Real-world relevance: Results will directly inform the design of SQuAI, a running scientific QA system processing millions of arXiv papers.

Dissertation Analytics in Computer Science: Understanding PhD Publication Patterns and Research Impact

Supervisor

Michael Färber
Chair of Scalable Software Architectures for Data Analytics
TUD Dresden University of Technology
michael.faerber@tu-dresden.de

Description

This thesis invites you to work at the intersection of scientometrics, natural language processing, information extraction, and research analytics. Every year, many doctoral dissertations are written in computer science worldwide, yet we still lack a systematic, data-driven understanding of what publication output is typically associated with a successful PhD: How many papers are part of a dissertation? Which venues matter? How much of a candidate’s publication record is actually reflected in the thesis? And how do expectations differ across research groups, universities, and subfields?

These questions are relevant for multiple stakeholders. Prospective PhD candidates want to understand what is realistically expected before starting a doctorate. Current doctoral researchers want to benchmark their progress. Professors and supervisors want to better understand common practices across institutions. Universities and research centers are interested in how doctoral training translates into scientific visibility and impact.

In this thesis, you will build the foundations for a dissertation-centric analytics system. Starting from a large collection of dissertations, you will automatically extract publication-related evidence, link it to external scholarly metadata, and analyze patterns across candidates, groups, and institutions.
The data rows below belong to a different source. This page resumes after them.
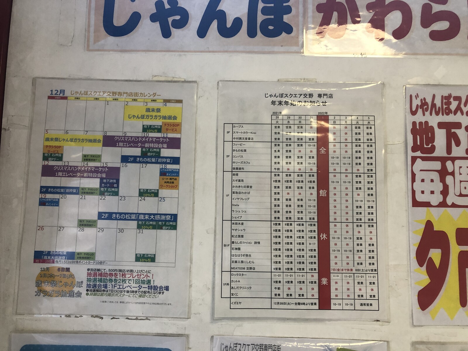 じゃんぼスクエア交野の専門店店については、同じく1日は休みですが、一部店舗は2日から営業されるようです。
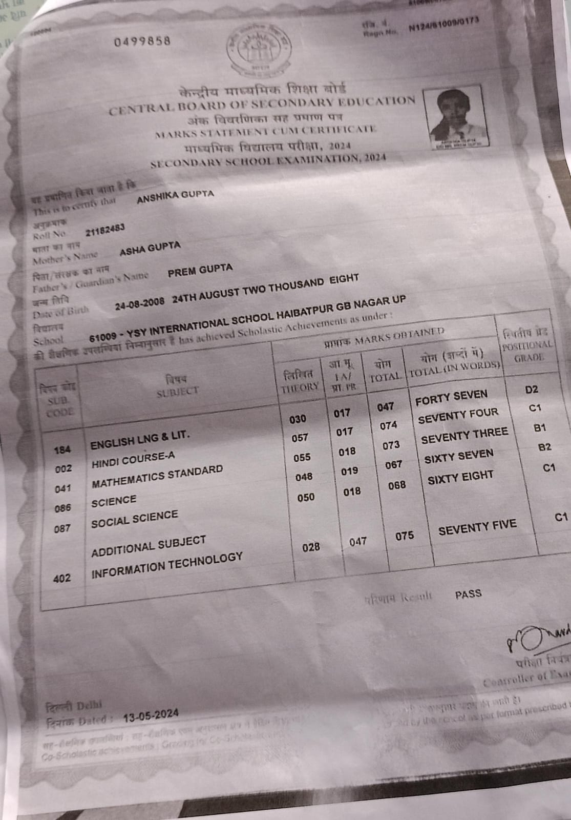 | Exam | Full Marks | Pass Marks | Marks Obtained |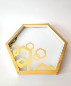 Un plateau en bois de forme hexagonale de 27 cm de couleur blanche avec motifs en dorés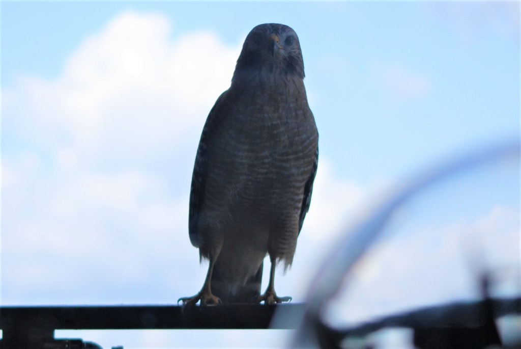 I didn’t really want to invite his friends to join him in my car, but he needed to exit. I tried poking under every spot I could with my big umbrella while leaving all the doors and hatch open. No luck. I decided to crack the back windows open just enough for him to sneak out and hope that he would overnight.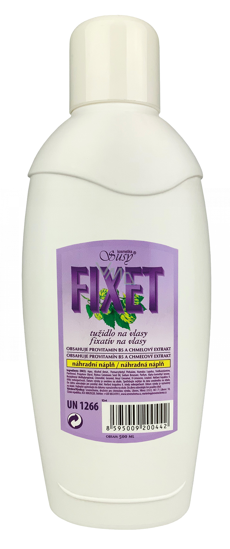 Aqua, Alcohol denat., Pentaerythrityl Phthalate Dea, Panthenol, Parfum, Peg-40, Hydrogenated Castor Oil, Sodium Benzoate, Humulus Lupulus, Citronellol, Hydroxycitronellal, a-isomethyljonon, d-limonene, Linalool. Hořlavý.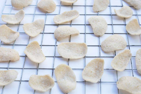 Prawn crackers on blue background. Shrimp crispy rice snack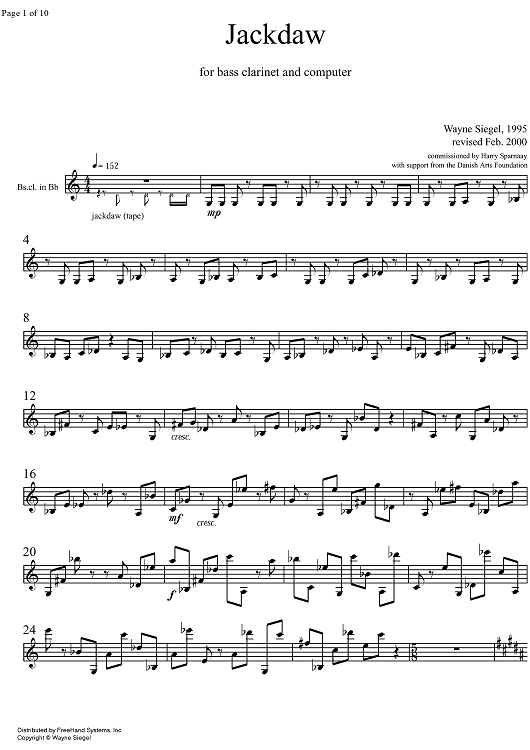 "Jackdaw" Sheet Music by Wayne Siegel

The work combines large-scale data collection, LLM-based information extraction, and data analysis, with optional system-building components. The aim is a methodologically strong thesis with clear research potential and possible follow-up toward a peer-reviewed publication.

What are the tasks?

Collect and analyze dissertations
- Build a corpus of doctoral dissertations in computer science or a selected subfield.
- Study structural differences and publication practices across institutions and research areas.
- Define concrete research questions (e.g., number of publications, venue quality, variation across groups).
Extract publication evidence
- Identify publications associated with the doctoral candidate directly from the dissertation text.
- Distinguish between publications that count toward the dissertation and those that are only mentioned.
- Use LLM-based prompting and/or classical information extraction to resolve ambiguities.
Enrich and integrate metadata
- Link extracted publications to external sources (e.g., OpenAlex, DBLP, Semantic Scholar).
- Collect metadata on venues, citations, co-authorship, supervisors, and institutions.
- Build a structured database connecting dissertations, publications, and institutional context.
Analyze patterns and research impact
- Study how doctoral publication records vary across institutions, groups, and subfields.
- Explore indicators beyond simple counts (e.g., venue quality, collaboration patterns, citation impact).
- Critically discuss strengths and limitations of such metrics.
Optional: Build an exploration tool
- Create a simple search or exploration interface.
- Optionally prototype a recommender system for prospective PhD candidates.

What prerequisites do you need?

Strong interest in AI/ML, NLP, data analytics, or scientometrics.
Good programming skills in Python.
Interest in working with real-world PDFs, metadata, and noisy document collections.
Basic familiarity with NLP, information extraction, or LLM prompting is beneficial.
Very good English skills (for reading literature and writing the thesis).

Why this thesis is special

Novel perspective: Focus on dissertation-level analysis rather than professor- or institution-level metrics.
High relevance: Useful for PhD candidates, supervisors, and research institutions.
Technically rich: Combines document mining, LLM-based extraction, metadata integration, and data analysis.
Research potential: Ambitious and timely topic with realistic publication potential.